Along with the Finance Team, you need a Stewardship Team. This team is responsible for the implementation of stewardship education; creating encounters that connect experience and practice for the church with the multifaceted aspects of stewardship; leadership of the annual campaign; giving testimony to their own practices and recruiting others to do the same; interpret the connection between money and mission/ministry; and, encourage the practice of generosity by both individuals and the corporate entity of the congregation. Members of this team must possess a passion for generosity and be practitioners of it; have good communication skills; be creative; spiritual; capable of follow-through; and, fully embrace the congregation’s vision.
The final team is a Planned Gifts or Legacy Team. As you might expect, this team has as their primary focus, the education about, the solicitation of, and the celebration for, end-of-life gifts. Beyond just estate planning however, this team should deal with all aspects of stewardship at the end of life. This includes making certain there are conversations about final healthcare directives, funeral/memorial preferences, and organ donation, among other end of life issues. Our “final benediction” is one more opportunity to proclaim our faith, practice generosity, and bear witness to what we have valued in life as a “teaching moment” for those left behind. This team makes certain that proper policies are in place that encourage legacy giving and that gifts that have been given are correctly stewarded by the church to fulfill each donor’s intent. People called to this team should be: faithful stewards; have an estate plan in place (that includes the church); understand investing; be comfortable talking about money; understand and be passionate about the value of legacy giving; and, be above reproach as trusted members of the congregation.

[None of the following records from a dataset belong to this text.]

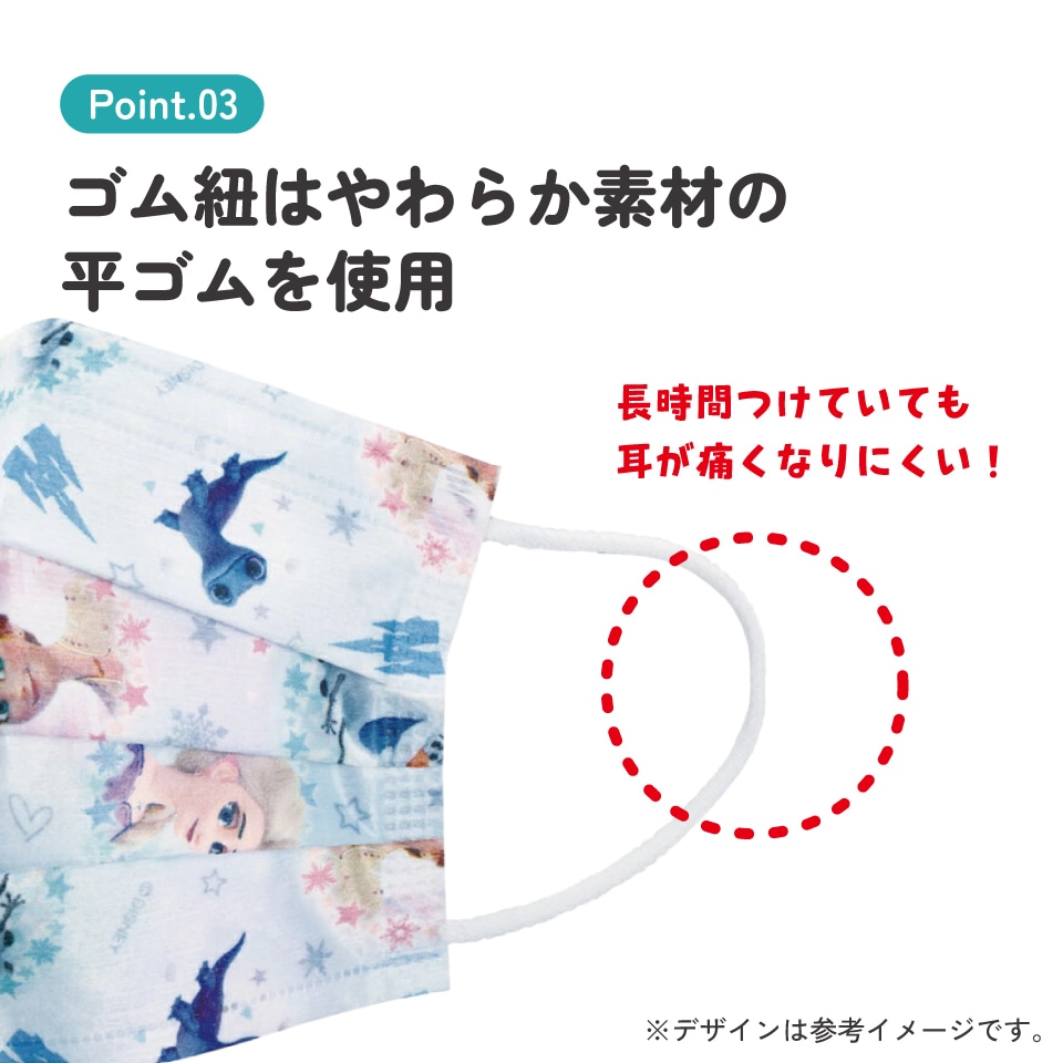 耳が痛くなりにくいやわらか素材の平ゴムを使用。
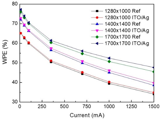 Figure 4 illustrates WPE of fully packaged VLEDs as functions of n-contact schemes and chip size. Regardless of n-contact schemes, the larger samples show higher WPE across the whole current range. Furthermore, irrespective of chip size, the WPE of all samples decreases with increasing current. However, the ITO/Ag-based samples undergo less degradation. For example, for the chip sizes of 1280 × 1000 µm2, 1400 × 1400 µm2, and 1700 × 1700 µm2, the ITO/Ag-based samples exhibit 2.3%, 3.1% and 4.8% higher WPE at 1500 mA than the reference samples, respectively. The WPE droop can be attributed to the combined effects of electron overflow, Auger recombination and Joule heating. It is shown that the overall current dependence is similar to that of light output power of the samples.
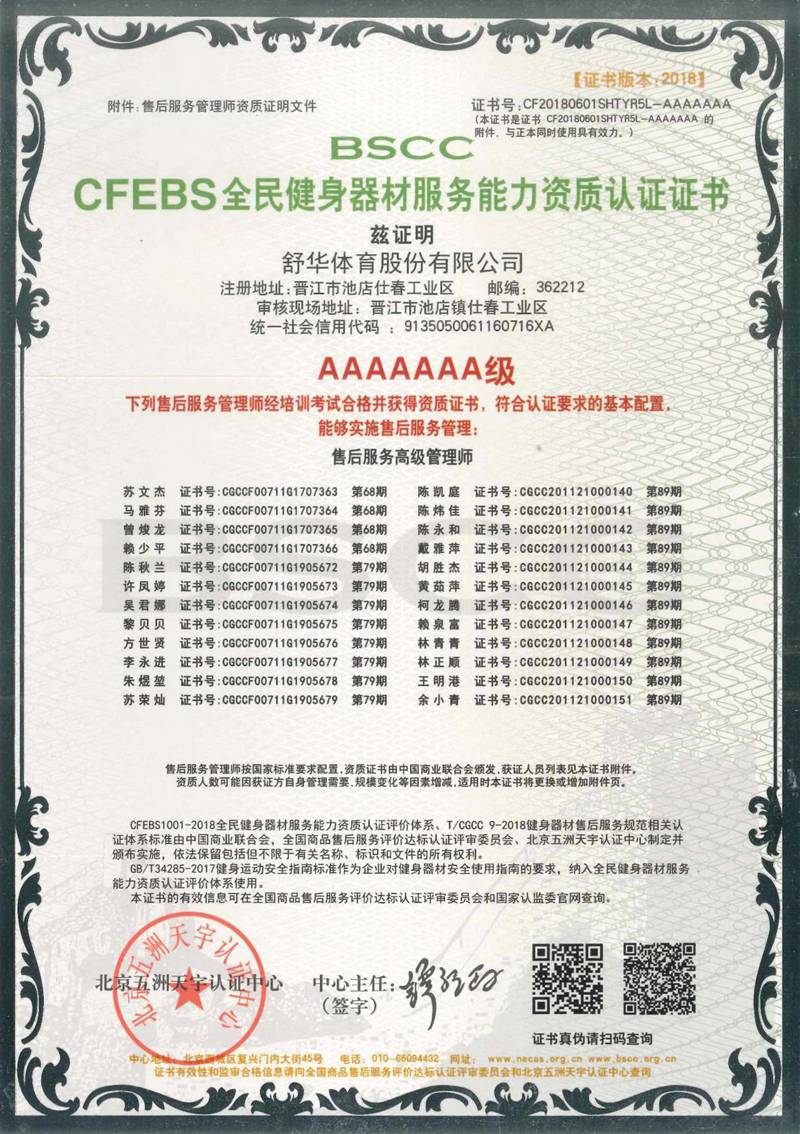 KS娱乐体育以用户满意作为服务追求,凭借专业的技术能力及服务保障能力、有效的售后服务体系,获得“BSCC-CFEBS 全民健身器材服务能力资质认证证书 AAAAAAA 级”,部分员工经培训考试合格并获得“BSCC-CFEBS 全民健身器材服务能力资质认证证书-售后服务高级管理师(AAAAAA 级)。
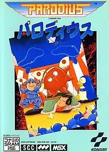 Parodius: The Octopus Saves the Earth[lower-alpha 1], also known as Parodius, is a scrolling shooter video game developed by Konami for the MSX computer and was released in Japan. The game is notable for being the first title in the Parodius series, although it is often confused with its sequel Parodius! From Myth to Laughter. The name itself is a portmanteau of "Gradius" and "Parody" and, eponymously, the game is a parody of the Gradius series of space-based horizontally scrolling shooters. Many of the characters and enemies are derived from that famous shooter series, while other elements are extracted from other Konami titles, such as Antarctic Adventure and TwinBee. This game is of particular note in the series as being heavily infused with Japanese culture and folklore.
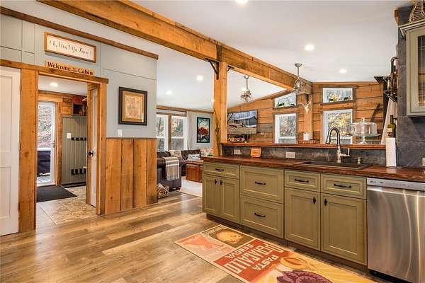 Welcome to your very own slice of paradise nestled in the beautiful Western Catskills! This charming 3-bedroom, 2-bath home sits on over 6 acres of serene forest, and guess what? It's just had a fabulous makeover! Step inside this LIKE-NEW beauty, where everything shines and sparkles. With a brand-new metal roof, fresh HardiePlank siding, and inviting new decks, you'll feel like you've walked into an Instagram dream! The bathrooms are sparkling with porcelain tile, gorgeous a wall paper and modern conveniences. The bedrooms boast new engineered floors, ceiling fans, and custom closet insert shelving The kitchen is a chef's delight with all-stainless steel appliances, a glass-safe sink, and live-edge counters that will be the envy of all your guests. Additional details you'll love include solid wood cabinets with soft-close-drawers, an automatic faucet, and a stylish repurposed slate-roofing backsplash that you'll just have see to fully appreciate how beautiful it is. The entire space is complete with rustic touches that take this country cabin to a whole new level of cozy luxury with solid wood doors, reclaimed wood, and hand-hewn beams with custom iron bracing. The primary suite bathroom has a jetted tub shower, porcelain tiling and fog-free mirrors. Nothing but the best! Built on a solid poured concrete foundation basement with new electric panel, a new LG laundry space, new well-pressure tank and a new Marathon 75 gallon water heater, there's plenty of room to grow-both in the home and on the property! Plus, there's a second building site complete with electricity, water, and septic, just waiting for your vision-maybe a garage or a creative workshop? All this is just minutes away from the charming villages of Delhi, Walton, and Franklin, and a breezy under-3-hour drive from the GWB. So, if you've been dreaming of a perfect retreat, your search ends here! Come see for yourself and get ready to fall in love!
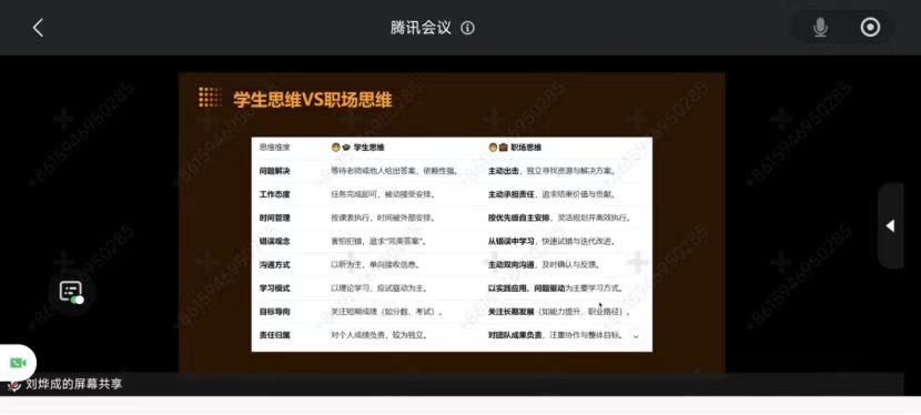 在“培养职场思维”模块中,易老师首先带领同学们开展思维自查,剖析了“爱当‘伸手党’”“被动接受安排”“万事准备完美才行动”等典型学生思维误区,并通过多维度对比,清晰呈现了学生思维与职场思维在问题解决、工作态度、沟通方式、目标导向等方面的差异,强调职场思维并非与学生思维对立,而是在其基础上增强责任意识、协作能力和价值创造能力。
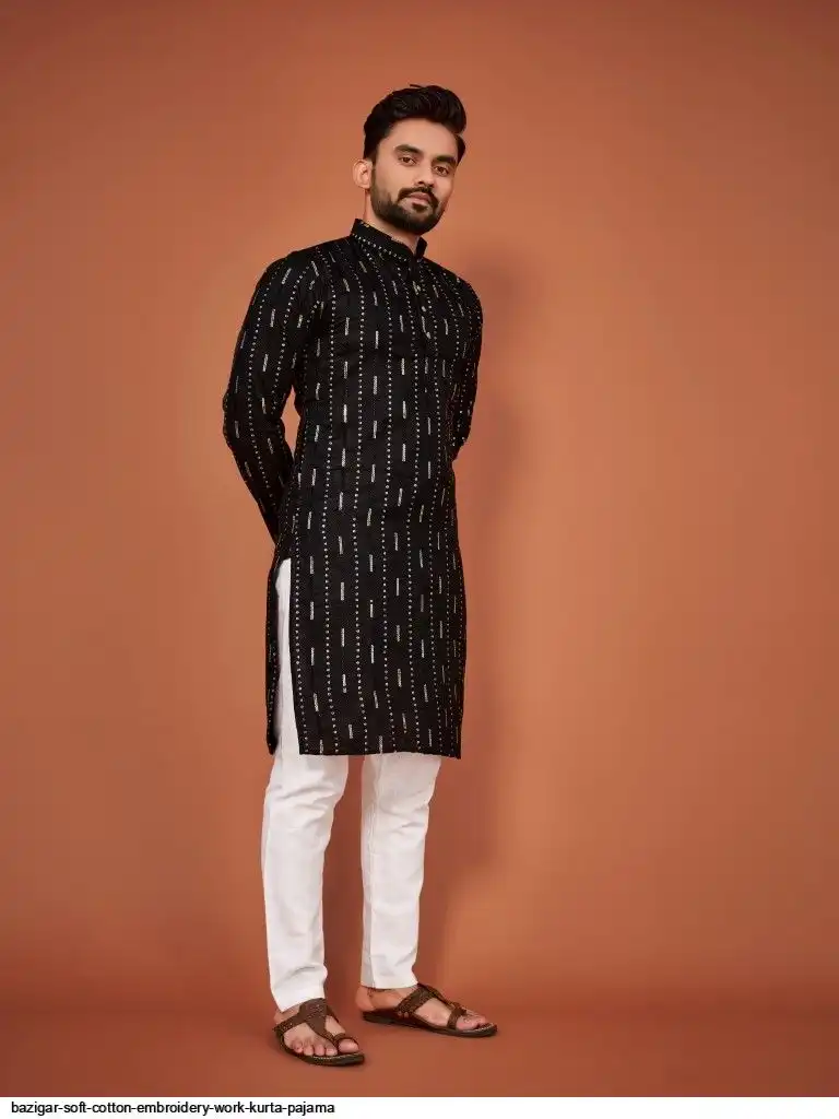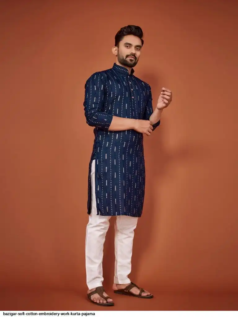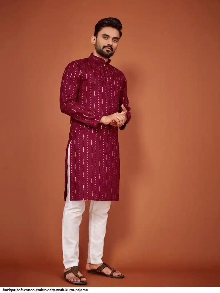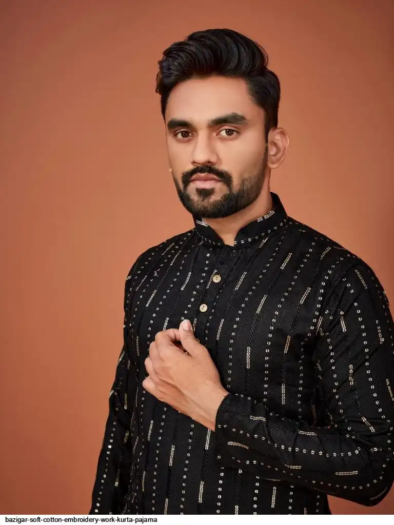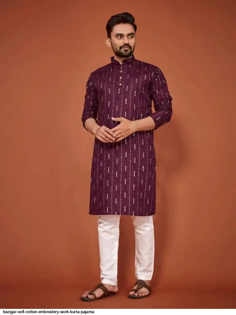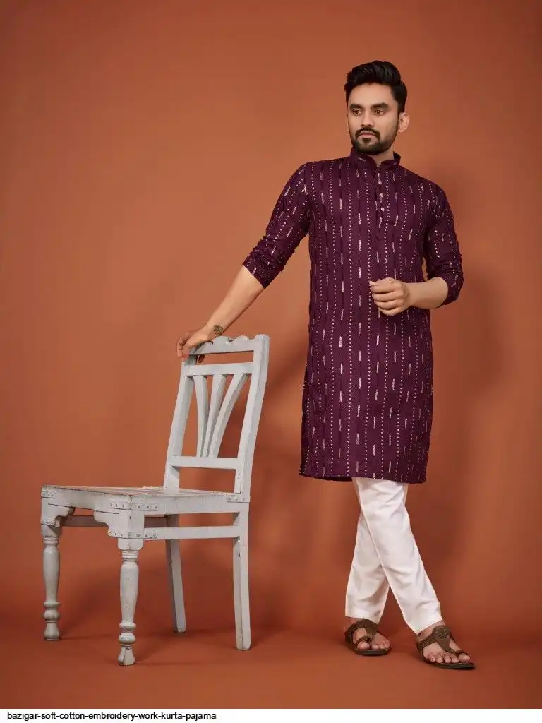 Try a desi boy look with this timeless Multicolour men’s kurta. The dark coloured pure cotton fabric With Embroidery Sequance Work Kurtas. a placket and full sleeves with a straight hemline. Invest in this for the upcoming festive season
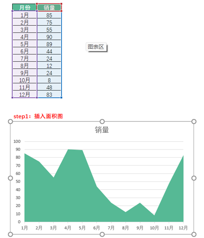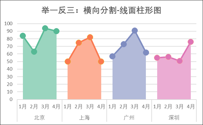 从上面的横向分割折线图,我们也可以举一反三地想到横向分割的线面柱形图。也非常简单,就是在折线图的基础上增加了面积图。
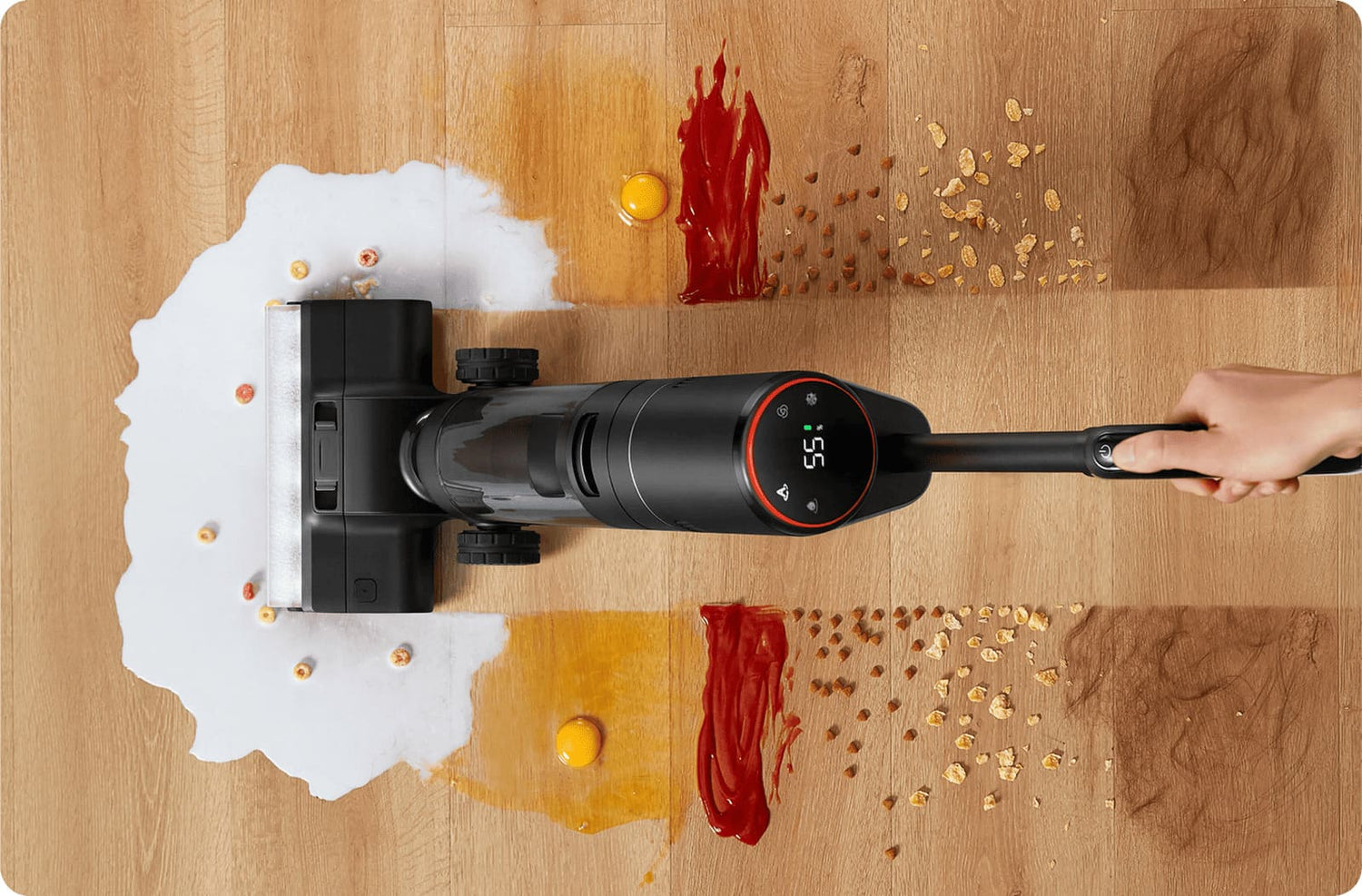 Oui, il aspire, lave et sèche vos sols en un seul passage. Sa brosse rotative double action permet un nettoyage simultané des liquides et des saletés solides.
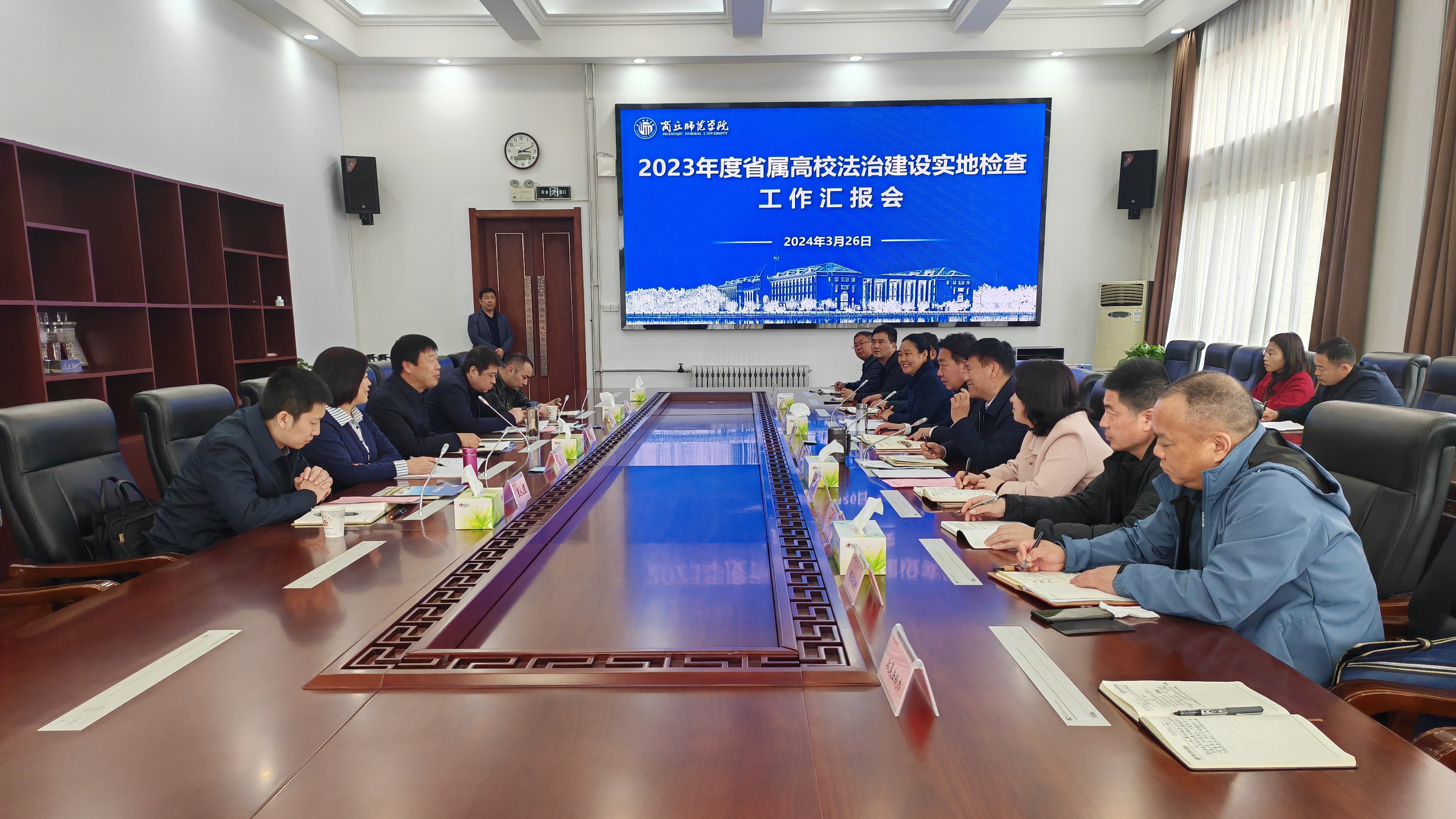 3月26日,省教育厅高校法治建设工作检查组对纽约国际官网2023年度法治建设工作进行实地检查。校党委书记张志坚、副书记吴金山、副校长王晓征出席会议。
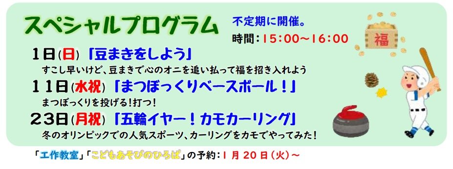 2026年2月 1日(日)〜2026年2月23日(月) 2日(日)・11日(祝日)の15:00~16:00
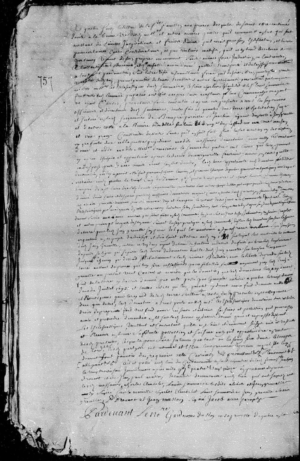 Acceptation par Henri de Bernières, supérieur du Séminaire des Missions étrangères établi à Québec, François Dupré et Louis Ango, sieur des Maizerets, officiers directeurs dudit Séminaire, de la donation faite par Alexis Gravel, d'une terre et habitation située en la seigneurie de Beaupré..., 17 août 1695 et 18 septembre 1695 [Insinué le 4 octobre 1695], Archives nationales à Québec, Fonds Cour supérieure. District judiciaire de Québec. Insinuations, (03Q,CR301,P396).
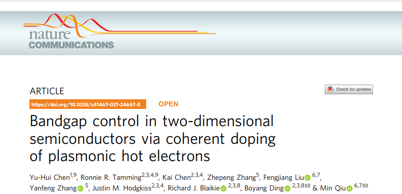 編輯:王莉蓉 審核:姜艷 閱讀次數:日前,北京理工大學物理學院張向東教授課題組青年教師陳宇輝研究員與新西蘭維多利亞惠靈頓大學、奧塔哥大學,以及北京大學和西湖大學的研究者開展合作,在表面等離子體光學腔和二維半導體二硫化鎢的復合體系上,通過利用光和物質強耦合效應,在實驗上實現了對二硫化鎢的高效熱電子摻雜,大幅改變了二硫化鎢原有的帶隙,相關研究成果發表在國際頂級期刊《自然·通訊》上。

Success in resourcing mission and ministry requires clarity of vision and purpose. It must be supported by sound fiscal policy, teaching stewardship as a spiritual discipline, engaging people in honest conversations about money and values, and never separating money from mission. It goes without saying that the minister and the leaders of the faith community are the leaders in the practice of generosity, or none of the above will make any difference. The right people – the right place of service equals the right stuff to change the stewardship culture in your congregation.